Хаббард выплюнул докуренную, обжегшую ему губы сигарету, вразвалку подошел к «лейланду» и сказал лениво:

— Эй вы, драные кошки, хватит! А ты, божье дитя, слезай оттуда и сыпь со своими собачатами в бочку, у нас места много.

Сидящий у руля здоровенный мужчина с аккуратно подбритыми баками, прищурив глаз, посмотрел на Хаббарда и бросил сквозь зубы:

— Ты еще откуда такой взялся? Или хочешь, чтоб я прошелся домкратом по твоей шелудивой спине?

Сунув руки в карманы, Хаббард повернулся спиной к владельцу «лейланда», помог избитой Марте сойти на землю, снял с грузовика ребятишек, проводил всех троих к бочке и, вернувшись, сказал сидящему за рулем человеку:

— Послушай, дохлый поросенок, ты, наверно, не знаешь, кто я такой. Запомни же, меня зовут Том Хаббард, по прозвищу Красный. Не слышал?

Мужчина с бакенбардами удивленно поднял брови:

— Ты Том Красный?

Он снял кепи и вытер ладонью потный лоб.

— Извини, пожалуйста, я тебя не узнал. У нас говорили, что ты казнен в чикагской тюрьме.

Хаббард усмехнулся, посвистал и стал прохаживаться возле бочки. Максим побродил по степи, остановился покурить у грузовика, где собрались мужчины. Всюду он слышал одни и те же разговоры: о засухе и разорении, о голоде, о том, что сотни ферм в Кентукки проданы за бесценок.

— На нашем горе наживается всякая дрянь, — сказал бритый старик в потертой шляпе. — Мы разоряемся, а те, у кого есть деньги, скупают земли за бесценок, а потом сдают их в аренду втридорога…

— У них, конечно, все идет иначе, — ввернул белобрысый парень с гаечным ключом в руке. — Они пашут тракторами сразу большие загоны, устанавливают на полях свои молотилки, нанимают сезонных рабочих.
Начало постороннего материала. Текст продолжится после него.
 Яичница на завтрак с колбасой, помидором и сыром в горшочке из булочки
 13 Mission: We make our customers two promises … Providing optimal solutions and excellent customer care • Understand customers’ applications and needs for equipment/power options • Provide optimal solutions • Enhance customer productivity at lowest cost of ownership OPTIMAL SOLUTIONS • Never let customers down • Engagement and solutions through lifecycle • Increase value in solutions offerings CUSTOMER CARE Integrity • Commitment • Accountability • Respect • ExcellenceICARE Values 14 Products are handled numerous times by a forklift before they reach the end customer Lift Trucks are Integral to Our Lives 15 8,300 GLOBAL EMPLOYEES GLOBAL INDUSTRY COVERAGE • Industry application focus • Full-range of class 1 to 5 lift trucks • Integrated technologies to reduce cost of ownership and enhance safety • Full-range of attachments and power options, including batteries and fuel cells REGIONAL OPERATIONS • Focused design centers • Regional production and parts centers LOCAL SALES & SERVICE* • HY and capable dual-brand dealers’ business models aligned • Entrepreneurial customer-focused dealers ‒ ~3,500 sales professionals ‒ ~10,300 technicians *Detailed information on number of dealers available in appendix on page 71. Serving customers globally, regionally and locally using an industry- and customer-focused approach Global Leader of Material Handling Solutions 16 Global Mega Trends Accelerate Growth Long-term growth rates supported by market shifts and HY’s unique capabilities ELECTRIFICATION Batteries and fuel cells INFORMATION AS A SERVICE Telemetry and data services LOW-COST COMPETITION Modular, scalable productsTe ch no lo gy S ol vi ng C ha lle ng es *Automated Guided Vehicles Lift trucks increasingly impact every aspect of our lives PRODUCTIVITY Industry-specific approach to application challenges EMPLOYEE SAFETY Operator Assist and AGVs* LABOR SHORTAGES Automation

А вот, скажем, мы с братом имели одного мула, и тот издох от сапа…

Максим слушал все, что говорили люди, ходил взад и вперед и думал о том, что мир, должно быть, очень нескладно устроен, если даже в стране, которую все считают самой богатой, множество людей нищенствует и всюду царит неправда. Тут, в степи, на привале «луковичного батальона», у Максима впервые в жизни появилась мысль о том, что он вообще напрасно живет в этом беспощадном мире и что, пожалуй, было бы лучше покончить с этим миром всякие счеты.

Скоро «батальон» двинулся дальше. Вновь заскрежетали, заскрипели машины, взвились облака пыли, и дорога побежала назад в чадной мгле. Бочка тряслась, колыхалась, а в бочке, раскачиваясь, жалобно всхлипывала избитая, оборванная женщина…
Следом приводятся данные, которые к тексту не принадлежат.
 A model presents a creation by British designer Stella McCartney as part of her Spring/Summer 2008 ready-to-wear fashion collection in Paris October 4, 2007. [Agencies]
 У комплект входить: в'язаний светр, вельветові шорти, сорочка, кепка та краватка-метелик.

Только на третьи сутки, перед рассветом, «луковичный батальон», потерявший в дороге четыре автомобиля, прибыл к болотам, где располагались обширные плантации компании «Сайото лэнд К°». Когда рассвело, люди увидели равнину с едва заметными холмами, между которыми розовели ирригационные каналы, а по западинам, покрытым редким кочкарником, блестели болота.
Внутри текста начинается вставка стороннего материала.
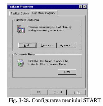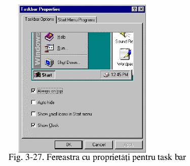 Exercitiu 3-20: Afisati fereastra cu proprietati pentru task bar. Lasati activate numai urmatoarele optiuni:

Юркий посредник, размахивая шляпой, встретил батальон на дороге и проводил в поселок. Этот поселок представлял собою три ряда поставленных на сваи убогих лачуг с дощатыми крышами и выбитыми окнами. Лачуги напоминали стойбище доисторических людей.

— За жилище дирекция компании будет взимать небольшую плату, — поблескивая хорьковыми глазами, сказал посредник. — Это сущие пустяки — три доллара в месяц с человека. Зато в каждом доме у нас имеются деревянные полы и потолочные отверстия для установки временных печей.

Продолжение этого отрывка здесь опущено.